Source data
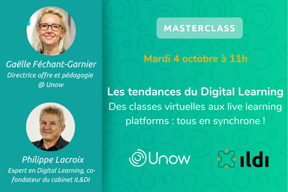 Pour faire le point sur les tendances du Digital Learning et plus particulièrement sur le sujet des classes virtuelles, Unow vous propose une Masterclass exceptionnelle mardi 4 octobre à 11h.
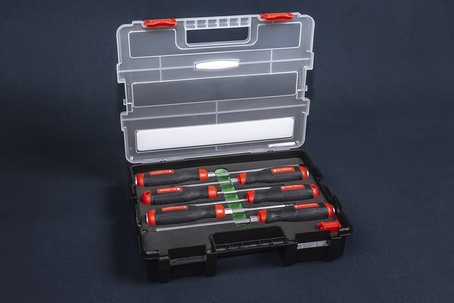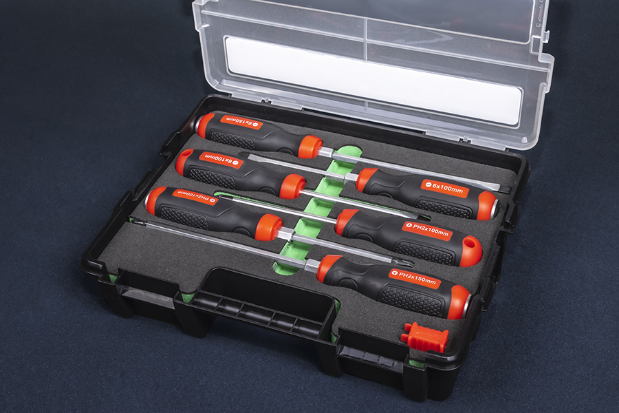 Набор отверток 6 предметов изготовлен из высококачественной легированной хром-ванадиевой инструментальной стали, с последующей закалкой до твердости в пределах 46-48HRC, что соответствует всем требования нормативной документации. Наконечник проходят дополнительную термическую обработку с целью получения оптимального сочетания твердости и пластичности. Стержень имеет глубокую посадку с крепление в двух точках, что исключает проворачивание стержня в рукояти. Отвертка снабжена двухкомпонентной эргономичной рукоятью. Благодаря высококачественным компонентам рукоять имеют высокую стойкость к агрессивным средам.
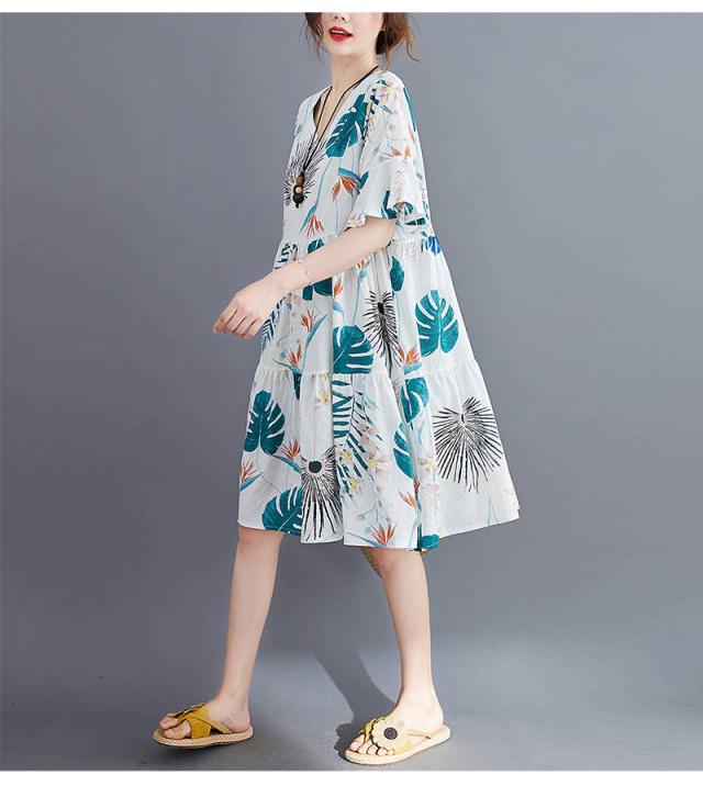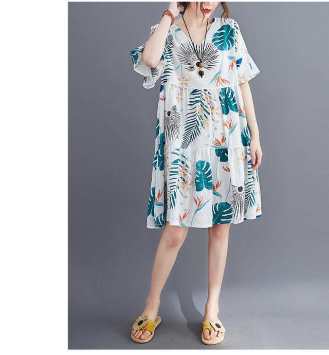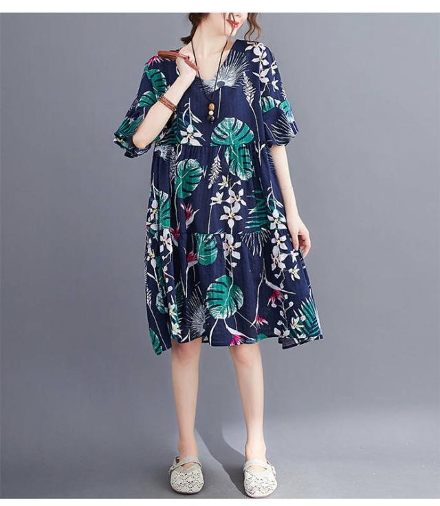 ワンピース レディース 夏 膝丈 半袖 体型カバー 美脚 aライン 花柄 ドッキング vネック ハイウェスト コットン 海遊び 新作 ゆったり 50代 40代 30代
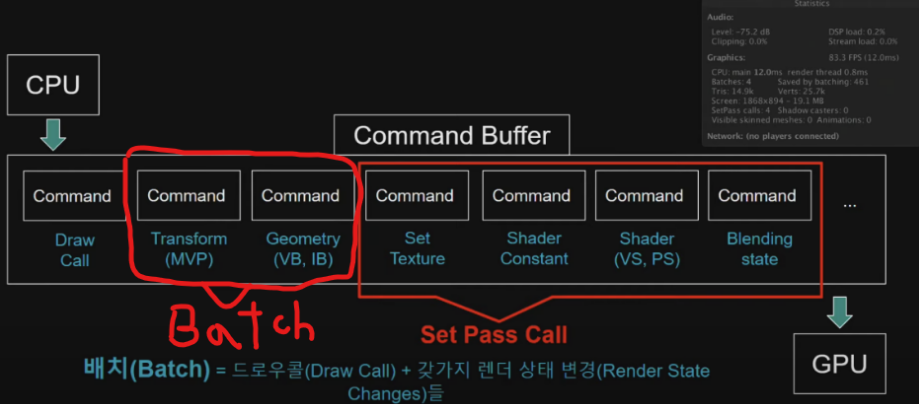 Draw Call(드로우콜)이란? GPU에게 오브젝트를 화면에 그리라고 명령하는 것 입니다. 드로우콜을 줄여야(최적화)해야하는 이유? GPU가 오브젝트를 화면에 그리는데 시간이 필요한데, 한 프레임에 그
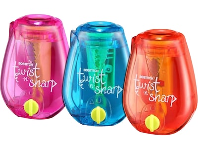 These Bostitch Twist-n-Sharp Kids manual pencil sharpeners have a distinguished ratchet mechanism that offers easy twist and fast sharpening. The adjustable knob makes a sharp or blunt pencil tip. Their compact design conveniently fits in any school or travel bag. The Tip Saver technology prevents oversharpening, extending a pencil life. The easy-clean shavings tray captures pencil shavings.
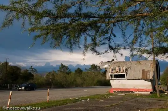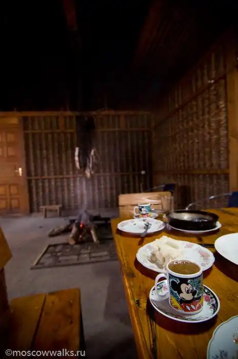 С утра сидим в хорошем придорожном кафе. Сидим на улице, едим мамалыгу (буэ!), хачапури и шашлык (ням-ням), вдруг раздается громкий звук выстрела и для пущего эффекта рядом с нами осыпаются ветки. Напрягаемся, знаете ли, и начинаем озираться. По счету мы оплатили уже, да и почти доели, но на всякий случай уходим с заднего двора. При выходе нас встречает довольный абхаз, прощается и в ответ на наше "а что это было" прямо и бесхитросно отвечает: "Да у нас же тут кафэ, а по крышэ ща опят кошка какая-то пришла, нэльзя жэ ей по столам ходыть и на кухню лазить, ПРЭСТРЭЛИЛ".
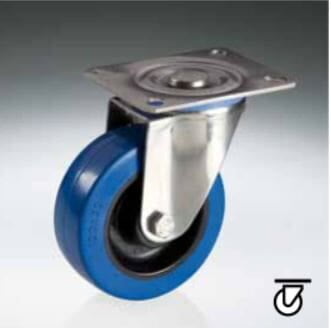 Stainless steel swivel housing, plate fitting, with double ball race.Wheels with stainless steel roller bearing, Blue non -marking elastic rubber tyres,Polyamide 6 wheel centre, 125 mm wheel diameter, total height 160 mm, maximum weight 200kg
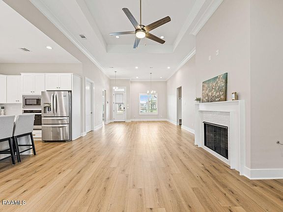 Welcome to the exclusive Langlinais Estates! This stunning home offers a triple split, open floor plan designed for both functionality and style. Just two years young and better than new, it features thoughtful custom upgrades throughout, including plantation shutters, gutters, designer finishes, and more.The spacious living room showcases a cozy gas ventless fireplace, while the gourmet kitchen flows seamlessly for easy entertaining. Step outside to a true outdoor retreat--complete with a second fireplace, built-in gas grill, sink, bar area, and custom tile flooring for a high end look and feel. With remote-controlled custom screens, the back patio can be enjoyed year-round as a private extension of your living space. Enjoy the spacious backyard with a beautiful tree lined view behind a full privacy fence. Light-filled and airy, this home is perfect for modern living with four bedrooms and three full baths that provide privacy and functionality. Conveniently located in sought-after Langlinais Estates, you'll be close to Acadiana's best shopping, dining, and amenities! This price point is rare in this community so call today to appreciate all it has to offer!
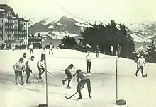 Match de bandy, à Leysin, au début du siècle
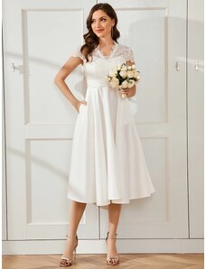 Ever Pretty Svatební šaty v midi délce s krajkovým živůtkem
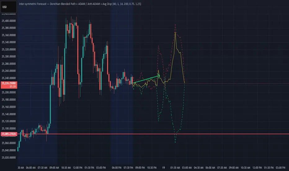 It projects a short polyline path from the current price and shows how that path adapts when the market shifts from ranging to trending (via ADX).
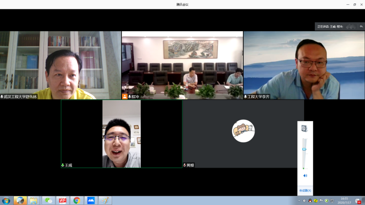 7月17日下昼,,,,,,,,湖北省委宣传部讲师团“理论热门面扑面”树模点建设专家组单位武汉工程大学团结鄂州市庙鹅岭股份经济合作社召开了一次云视频专题调研座谈会。。。。。。。树模点建设专家组组长、我院党委书记舒先林教授,,,,,,,,青年西席李齐博士,,,,,,,,王威博士以及18级硕士研究生黄橙,,,,,,,,以及庙鹅岭股份经济合作社党委书记、董事长王安平,,,,,,,,党委副书记、副董事长邵国顺和党委委员、董事邵超等加入了本次视频座谈会。。。。。。。座谈会由王威博士主持。。。。。。。
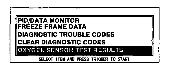 4. Move the cursor to OXYGEN SENSOR TEST RESULTS. Press the trigger key to enter this selection.
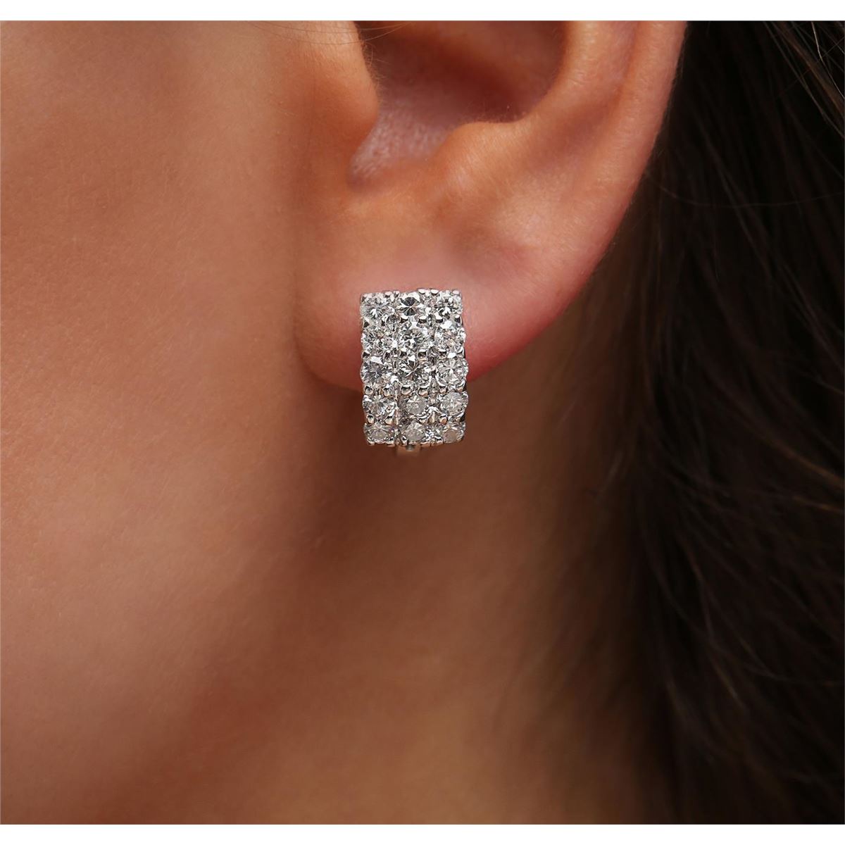 One pair electronically tested 14KT white gold ladies combination cast & assembled diamond earrings with lever backs with a bright polish finish. Identified with markings of "14K". Condition is new. Containing: Thirty prong set round brilliant cut diamonds, measuring 2.80 - 2.80 x 1.68mm (depth est.) approximate total weight of 30 Stones = 2.41ct. Clarity: I-1 to I-2. Color: I - J, Cut is Good. All diamonds are graded in the mounting, unless otherwise stated. Total Weight of Diamonds 2.41ct. Total Weight of Earrings 7.40 grams. GGL Appraised at $6,335.00.
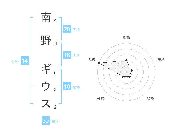 南野 ギウスさんの天格は20画の1点!
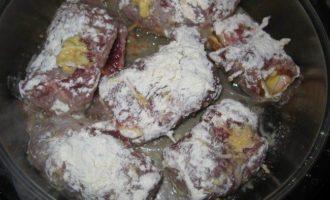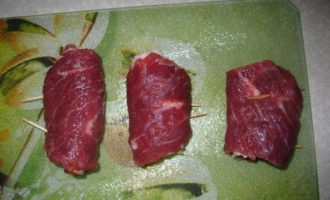 Завернуть, чтобы сыр оказался внутри и закрепить зубочистками. Немного посолить.
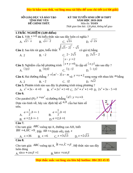 ệ xem ể chi ti t ế (có l i ờ gi i ả ) SỞ GIÁO D C Ụ VÀ ĐÀO T O Ạ KỲ THI TUY N Ể SINH L P Ớ 10 THPT T N Ỉ H PHÚ YÊN NĂM H C Ọ 2019-2020 Đ C Ề HÍNH TH C Ứ Môn thi: TOÁN Th i
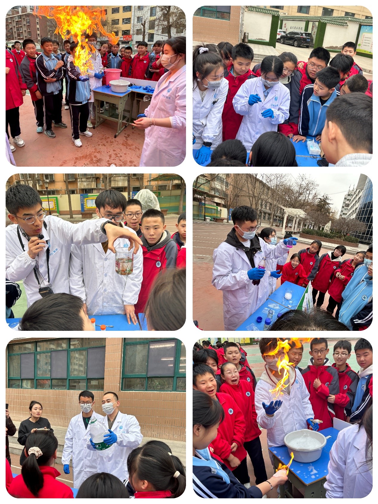 活動(dòng)共組織10個(gè)研究生科普志愿小組現(xiàn)場(chǎng)演示科學(xué)小實(shí)驗(yàn),包括“滴水成膠”“會(huì)呼吸的藍(lán)精靈——揭秘碘鐘反應(yīng)”“神奇的摩擦發(fā)光”“百變汽水”“火山爆發(fā)”“紫色流星雨”“魔力棒棒糖”“‘瓶’空造云”“水中花園”和“掌心的神奇火焰”。演示過(guò)程中,科普志愿者們耐心講解實(shí)驗(yàn)現(xiàn)象隱含的科學(xué)原理,用深入淺出的語(yǔ)言將抽象的概念具象化,讓復(fù)雜的化學(xué)原理變得通俗易懂。同學(xué)們親自動(dòng)手操作實(shí)驗(yàn),觀察、體驗(yàn)了科學(xué)探究的樂趣和挑戰(zhàn)。
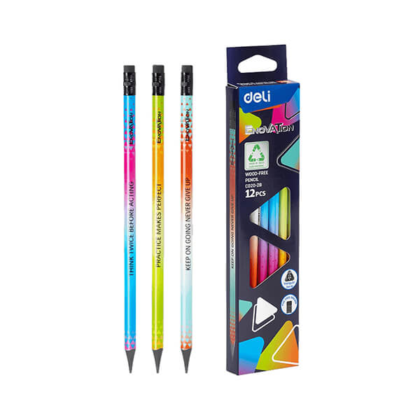 Μολύβια 2B της Deli σε διάφορα χρώματα. Το τρίγωνο εργονομικό σχήμα τους εξασφαλίζει σταθερό κράτημα και άνετη γραφή. Ξύνονται εύκολα με όλες τις κοινές ξύστρες χωρίς να σπάνε χάρη στο wood-free υλικό κατασκευής τους. Με γόμα που σβήνει τέλεια χωρίς να αφήνει υπολείμματα, μουτζούρες ή να σκίζει το χαρτί.

Work required
Reproduce the data above exactly, but only the lines from the one showing "4. Move the" through the one showing "ệ xem ể chi", with both ends kept and the pictures left out.

Response area
 4. Move the cursor to OXYGEN SENSOR TEST RESULTS. Press the trigger key to enter this selection.
 One pair electronically tested 14KT white gold ladies combination cast & assembled diamond earrings with lever backs with a bright polish finish. Identified with markings of "14K". Condition is new. Containing: Thirty prong set round brilliant cut diamonds, measuring 2.80 - 2.80 x 1.68mm (depth est.) approximate total weight of 30 Stones = 2.41ct. Clarity: I-1 to I-2. Color: I - J, Cut is Good. All diamonds are graded in the mounting, unless otherwise stated. Total Weight of Diamonds 2.41ct. Total Weight of Earrings 7.40 grams. GGL Appraised at $6,335.00.
 南野 ギウスさんの天格は20画の1点!
 Завернуть, чтобы сыр оказался внутри и закрепить зубочистками. Немного посолить.
 ệ xem ể chi ti t ế (có l i ờ gi i ả ) SỞ GIÁO D C Ụ VÀ ĐÀO T O Ạ KỲ THI TUY N Ể SINH L P Ớ 10 THPT T N Ỉ H PHÚ YÊN NĂM H C Ọ 2019-2020 Đ C Ề HÍNH TH C Ứ Môn thi: TOÁN Th i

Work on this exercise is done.